With all apologies to my Buckeye friends, I grew up in a Notre Dame household, so having no strong Ohio State allegiances, when my oldest brother, Kevin, enrolled at the University of Michigan, I instantaneously became a Wolverine fan. It was the 1975 football season. Rob Lytle was the star tailback for the Maize and Blue, and Don Dufek was the All-American defensive back. In the countless games of football with my brothers, cousins, and friends played in the side lot on the corner of Fifth and Marlboro, I often imagined myself to be Lytle and Dufek making plays in the Big House.
I actually met Rob Lytle in 1989. He was helping out his old high school football coach at Fremont Ross Pete Moore by working as Moore’s assistant at Port Clinton High School. At the time, I was an assistant at Sandusky St. Mary’s, and we were playing against the Redskins at True-Lay Stadium. Someone introduced me to Lytle before the game. I shook his hand, but I was too shy or too starstruck to speak. I mean, Rob Lytle was third in the Heisman voting in 1976 and had played several injury-riddled seasons for the Denver Broncos. I used to play with his football card for God’s sake, and now I was shaking my boyhood hero’s hand?! I never crossed paths with Rob Lytle again, but I remember following his son’s, Kelly, football and track career at Ross. After Kelly graduated, I don’t remember thinking about the Lytles again until I read that Rob had died much too young at the age of 56. It sucked the wind from me like landing belly first on a football.

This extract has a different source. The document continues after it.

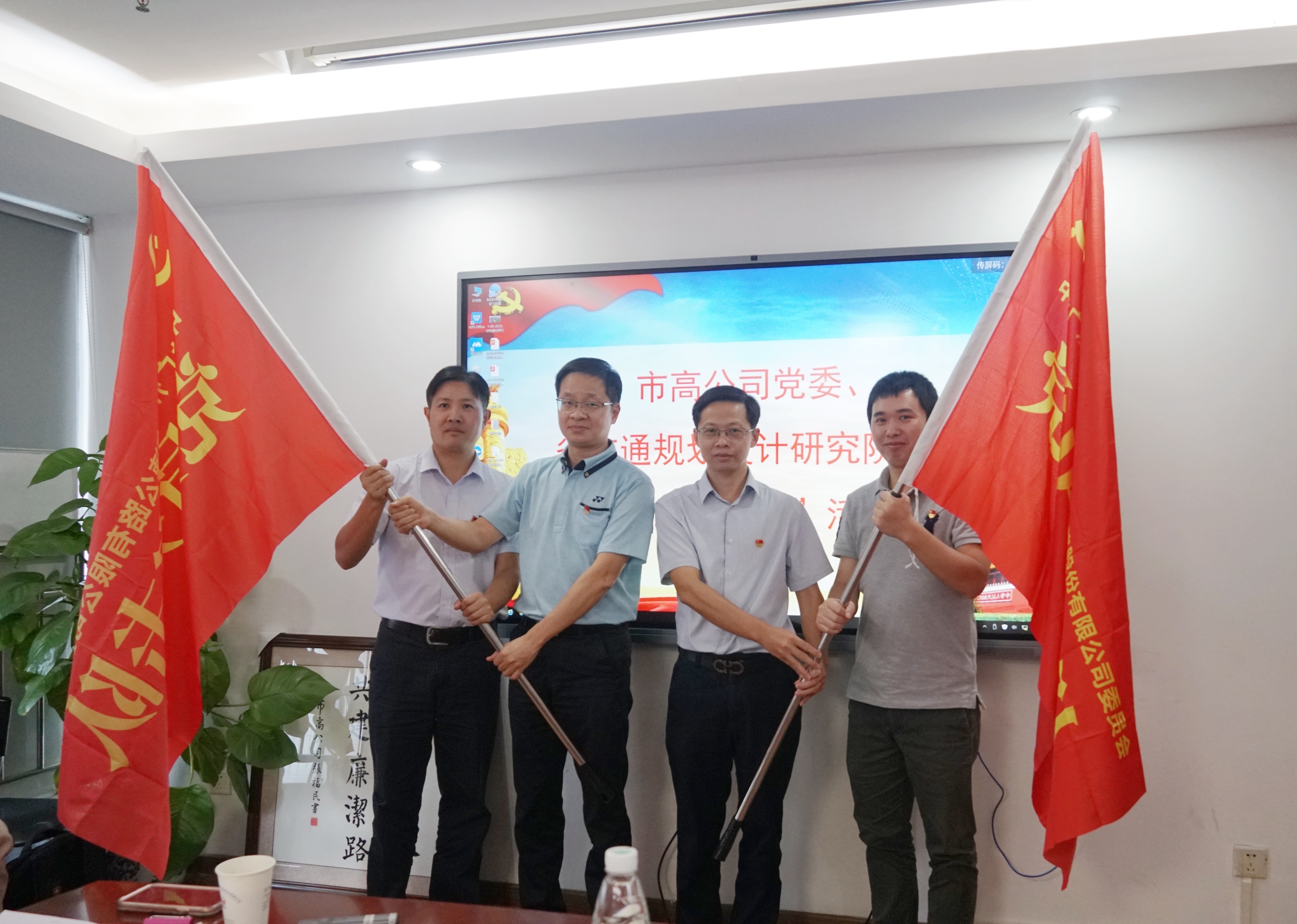 此次“红联共建”活动依托增天高速项目开展,通过“党建搭台、业务唱戏”的模式,使得党建与项目设计工作深度融合、相互促进。会上,我司增天高速项目负责人朱添丰介绍项目设计工作的推进情况和后续计划,市高公司增天高速项目工作组组长卢辉提出项目设计工作“基于增天、高于增天”的重要设想,列出项目设计紧迫性、前瞻性、创新性等方面的难题清单以及党员突击队攻关计划。双方就外业调查规划、材料调查、图纸审核等工作展开交流,并围绕如何通过党建引领、党员攻坚进行提质增效而开展深入探讨,最终达成一致共识。市高公司党委书记温志斌和我司党委副书记陈贤文在现场为双方党员突击队进行了授旗。

One thing I’ve learned, however, is that life has a funny way of circling back upon itself. This past Saturday, I had coffee with Kelly Lytle. We met to talk writing, for Kelly recently published his first book, a memoir titled TO DAD, FROM KELLY, that I’d read and thoroughly enjoyed. After finishing the book, I felt compelled to contact Kelly. For one reason, in a chapter titled “Accomplice,” Kelly shares that his father suffered multiple concussions and strongly relied on painkillers to alleviate the pain from the too-many-to-count injuries that resulted from his years in the game that he loved. This is just one area in which Kelly’s book intersects with my novel GOODNESS FALLS. Both of our books question whether the benefits gained from playing the game of football are commensurate to the price the sport exacts. Another reason I felt it necessary to contact Kelly was to, in a strange way, repay Rob Lytle for the joy he brought to me while I watched him play football for the Wolverines with as much grit as any player I’d ever witnessed. At the time, I didn’t realize just how much he was sacrificing in terms of his health and longevity to bring me and others that joy.
When I first entered the world of publishing, I had no one to mentor me, no one to warn me of the pitfalls waiting for a first time author, and no one to point me towards profitable uses of my time and energies. I figured that if I could be that person for Rob’s son, maybe I could make up some of that debt I owed him. It was another reason I felt compelled to touch base with him. What I learned in a two-hour conversation, however, is that Kelly, a Princeton grad and an accomplished professional, doesn’t need me. He’s smart, passionate, driven to succeed, and a living testimony to his parents’ successful raising of a strong and independent young man. In the end, I’m sure I walked out of that coffee shop with more gained than I gave.
It would be a huge mistake to think of TO DAD, FROM KELLY as a football book. In fact, it is hardly that at all. Rather, it is a book about family, growing up in a small town, perspective, living with passion, and most importantly, embracing life and confronting grief. There is literally at least one chapter in this book for everyone. It continually strikes universal chords that resonate with poignant truths and warm nostalgia. Readers will hear the voices of their own parents, coaches, teachers echoed in Rob’s raising of his son, and they will recognize many of the selfsame lessons they were taught as children and teenagers. As it provides invaluable insight into the male psyche at various stages of maturation, TO DAD, FROM KELLY should be of especial interest to moms, wives, and girlfriends in their never ending attempt to understand the motivations and behaviors of the men in their lives.
In my lifetime, I was fortunate to watch Rob Lytle play football and to benefit from his example of toughness, hard work, and dedication to his teams and to the sport he loved. Through Kelly’s recollections, I’ve learned that Rob fully embodied the nickname of his Fremont Ross Little Giants. It’s an oxymoron that captures Rob’s own ironic sense of failure – which Kelly so tenderly shares – and that despite his achievements, he was “little,” just a man like the rest of us; however, Rob Lytle – even if he didn’t quite appreciate it or was too humble to admit it – was truly a “Giant” worthy of my adulation and his son’s undying love and devotion so touchingly shared in TO DAD, FROM KELLY.